The American Council for Judaism (ACJ) is an organization of American Jews committed to the proposition that Jews are not a nationality but merely a religious group, adhering to the original stated principles of Reform Judaism, as articulated in the 1885 Pittsburgh Platform.

The ACJ was founded in June 1942 by a group of Reform rabbis who opposed the direction of their movement, including, but not limited to, the issue of Zionism as redefined by the Biltmore Program in May 1942. After the Reform movement declared itself officially neutral on Zionism in 1937, the split was prompted by the passage of a resolution endorsing the raising of a "Jewish army" in Palestine to fight alongside the Allies of World War II. The leading rabbis included Louis Wolsey, Morris Lazaron, Abraham Cronbach, David Philipson, and Henry Cohen but their most vocal representative soon became Elmer Berger, who became the Council's Executive Director.

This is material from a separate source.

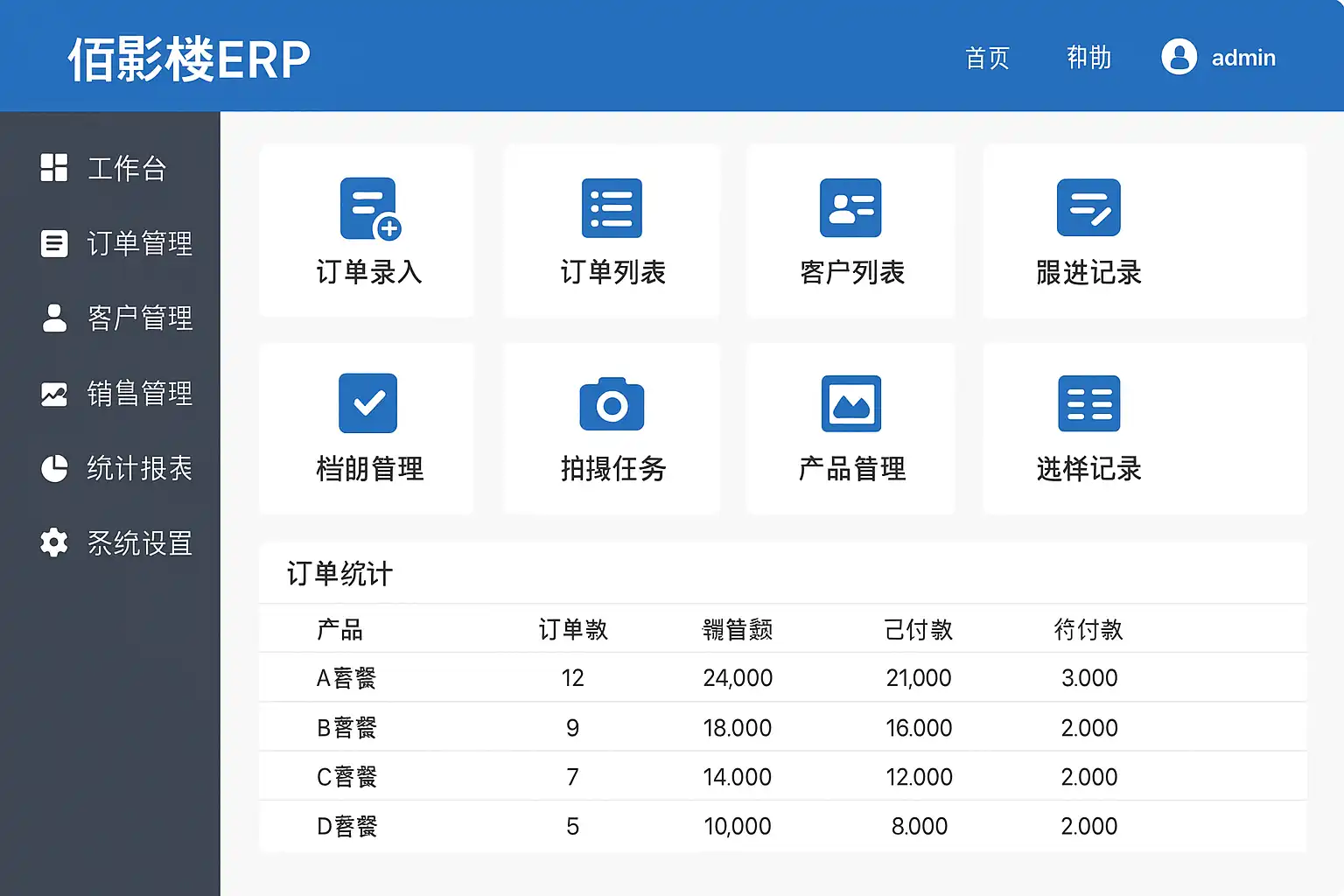 佰影楼ERP是专为摄影行业定制的信息化平台,它围绕客户生命周期管理、订单处理、库存及财务等环节,实现业务流程数字化和高效协同。以下为主要功能模块:

The presidency of the ACJ was accepted by the well-known philanthropist Lessing J. Rosenwald, who took the lead in urging the creation of a unitary democratic state in the British Mandate of Palestine in American policy-making circles. Though up against overwhelming support for the creation of a Jewish state in Congress, the Council had many friends who supported its position in the State Department such as Sumner Welles and Dean Acheson. In the final year before the founding of the State of Israel in 1948, the Council became very close to Judah Magnes, the leading Israeli advocate for a binational state, who had returned to America for fear of his life in Palestine.

Though Louis Wolsey resigned from the Council after the founding of the State of Israel, the ACJ persevered, believing that its primary foe was the influence of Zionism upon American Judaism. In addition to supporting a network of religious schools committed to Classical Reform Judaism, the Council agitated against the merging of Zionist fund-raising organizations with local Jewish community boards, and enjoyed friendly relations with the Eisenhower State Department under John Foster Dulles. The ACJ also vocally supported the efforts of William Fulbright to have the lobbyists for Israel in the United States legally registered as foreign agents.

Support for the American Council for Judaism came primarily from Jews of German descent who were historically attached to Classical Reform Judaism, but also from many Jewish socialists who opposed Zionism, and many more of whom who were uncomfortable with the Jewish religion coalesced around William Zukerman and his Jewish Newsletter. Jewish intellectuals who at one time or another passed through the Council included David Riesman, Hans Kohn, Erich Fromm, Hannah Arendt, Will Herberg, Morrie Ryskind, Frank Chodorov, and Murray Rothbard. Among the notable gentile friends of the Council were Dorothy Thompson, Norman Thomas, Freda Utley, Arnold J. Toynbee, and Dwight MacDonald. The ACJ was particularly influential in San Francisco.

The ACJ sharply declined in activity following the Six Day War in 1967, when the American Jewish community was swept up by overwhelming support for Israel. Moderates within the Council forced Elmer Berger to resign the following year for declaring that Israel had been the primary aggressor in the war. While the Council had 14,000 members in 1948 and up to 20,000 in the 1950s, there are today an estimated 2,000 subscribers to the Council's quarterly newsletter.

Today, the council has moderated its stance and accepts Israel and Zionism, but views them as irrelevant to the lives of American Jews. According to its statement of principles, "the State of Israel has significance for the Jewish experience. As a refuge for many Jews who have suffered persecution and oppression in other places, Israel certainly has meaning for us. However, that relationship is a spiritual, historical, and humanitarian one - it is not a political tie. As American Jews, we share the hope for the security and well being of the State of Israel, living in peace and justice with its neighbors".

The organization publishes a magazine called Issues.